● What you need to do:
Retype, word for word, every line starting at the line with "CANAL FRONT KEY" and ending with the final line of the entries; skip the pictures.
Dataset excerpts: Begin
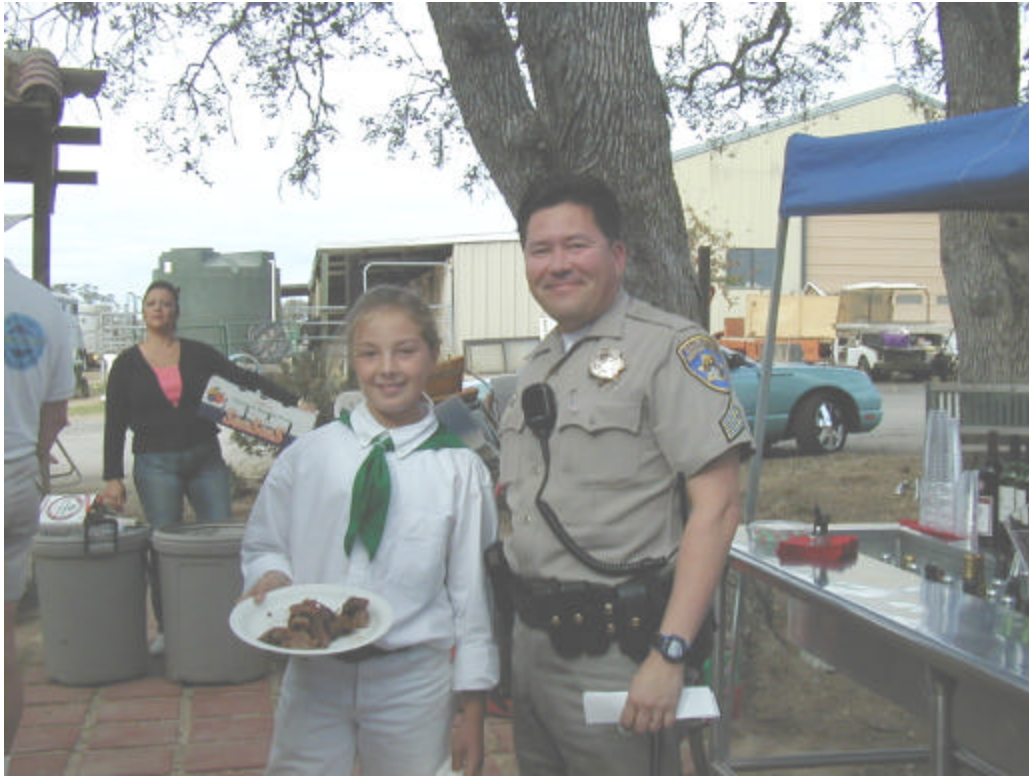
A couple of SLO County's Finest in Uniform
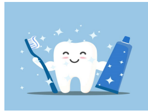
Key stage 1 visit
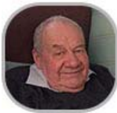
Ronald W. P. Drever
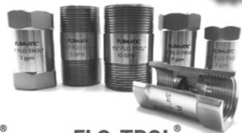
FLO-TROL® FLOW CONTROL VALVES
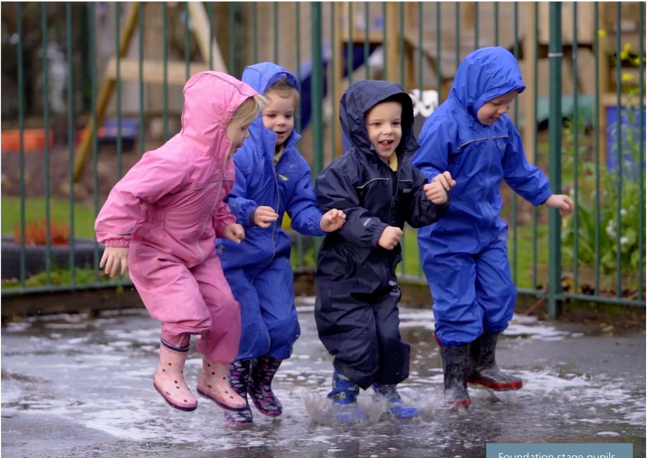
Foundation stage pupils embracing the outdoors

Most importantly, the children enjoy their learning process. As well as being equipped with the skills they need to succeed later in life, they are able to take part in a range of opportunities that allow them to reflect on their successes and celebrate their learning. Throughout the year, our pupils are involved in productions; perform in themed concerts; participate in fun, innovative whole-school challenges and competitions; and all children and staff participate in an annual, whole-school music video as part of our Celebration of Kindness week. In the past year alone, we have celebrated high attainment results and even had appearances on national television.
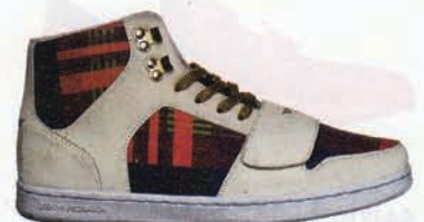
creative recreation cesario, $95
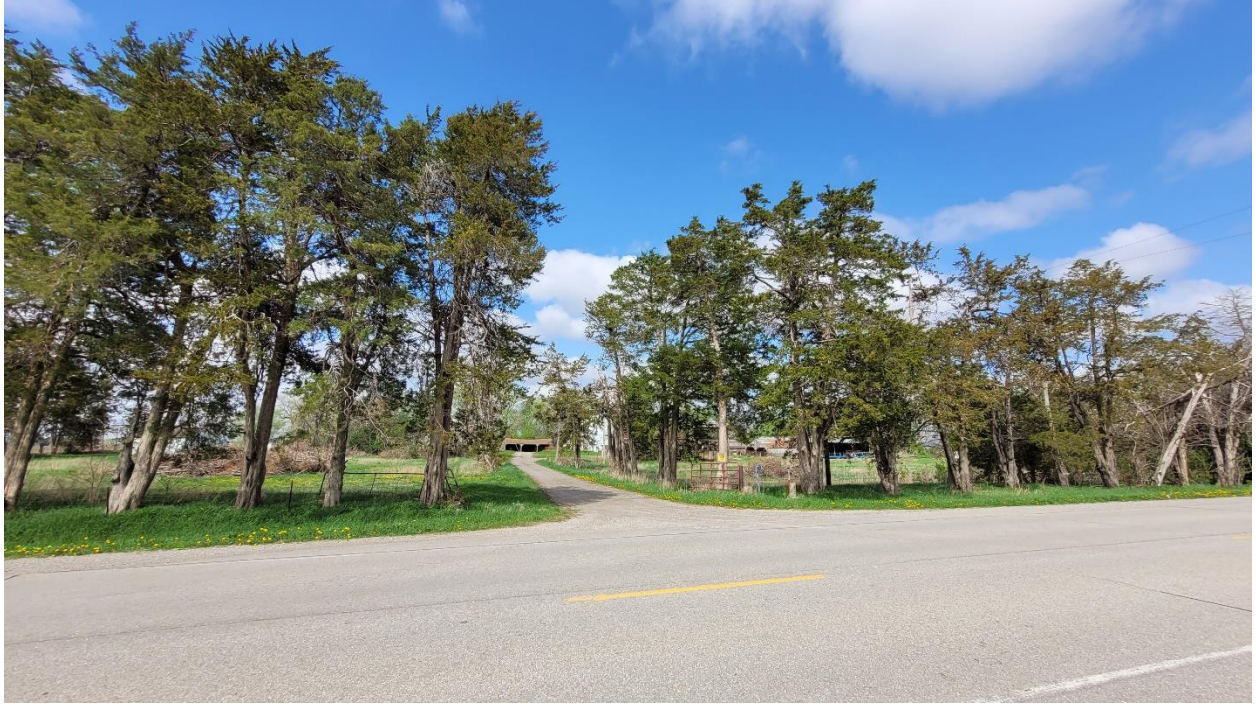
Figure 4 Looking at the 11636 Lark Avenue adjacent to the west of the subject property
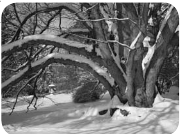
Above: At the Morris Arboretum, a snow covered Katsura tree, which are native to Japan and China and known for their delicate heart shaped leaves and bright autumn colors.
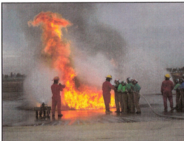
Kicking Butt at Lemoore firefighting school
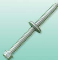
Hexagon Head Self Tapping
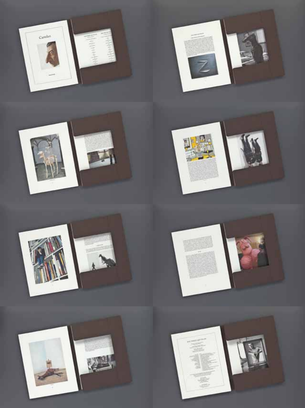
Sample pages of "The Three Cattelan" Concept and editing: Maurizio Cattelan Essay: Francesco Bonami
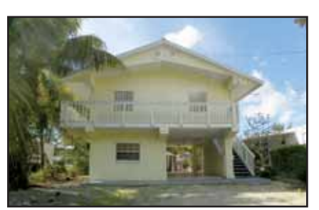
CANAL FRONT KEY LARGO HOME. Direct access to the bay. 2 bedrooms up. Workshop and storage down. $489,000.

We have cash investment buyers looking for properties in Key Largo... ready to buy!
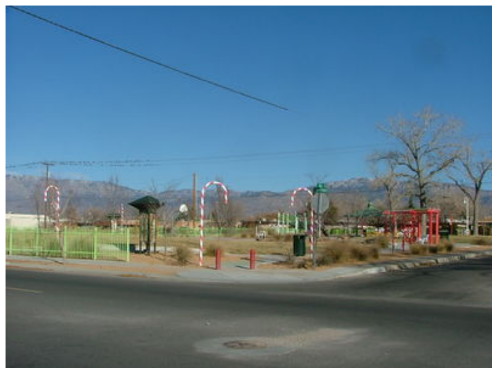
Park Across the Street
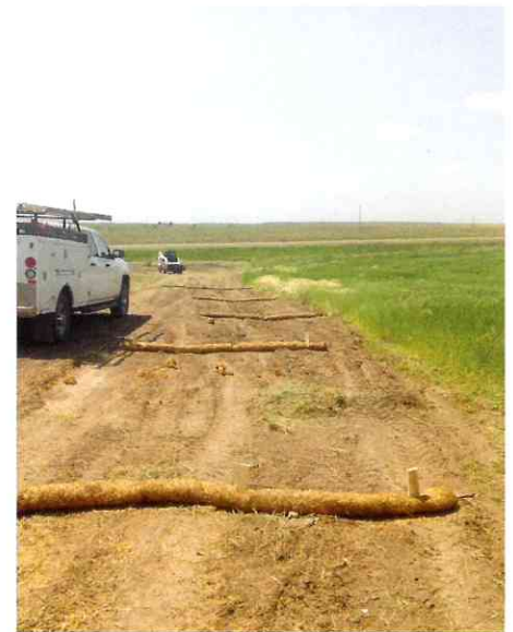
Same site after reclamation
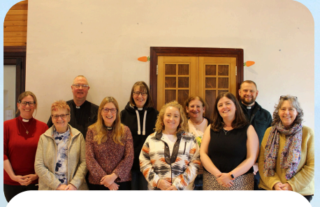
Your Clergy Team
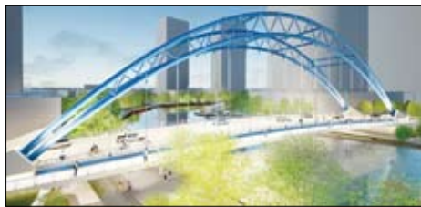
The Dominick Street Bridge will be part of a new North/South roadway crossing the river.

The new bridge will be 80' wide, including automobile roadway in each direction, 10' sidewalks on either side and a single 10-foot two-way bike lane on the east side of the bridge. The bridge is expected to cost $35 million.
Dataset excerpts: End
● Result below:
CANAL FRONT KEY LARGO HOME. Direct access to the bay. 2 bedrooms up. Workshop and storage down. $489,000.

We have cash investment buyers looking for properties in Key Largo... ready to buy!
Park Across the Street
Same site after reclamation
Your Clergy Team
The Dominick Street Bridge will be part of a new North/South roadway crossing the river.

The new bridge will be 80' wide, including automobile roadway in each direction, 10' sidewalks on either side and a single 10-foot two-way bike lane on the east side of the bridge. The bridge is expected to cost $35 million.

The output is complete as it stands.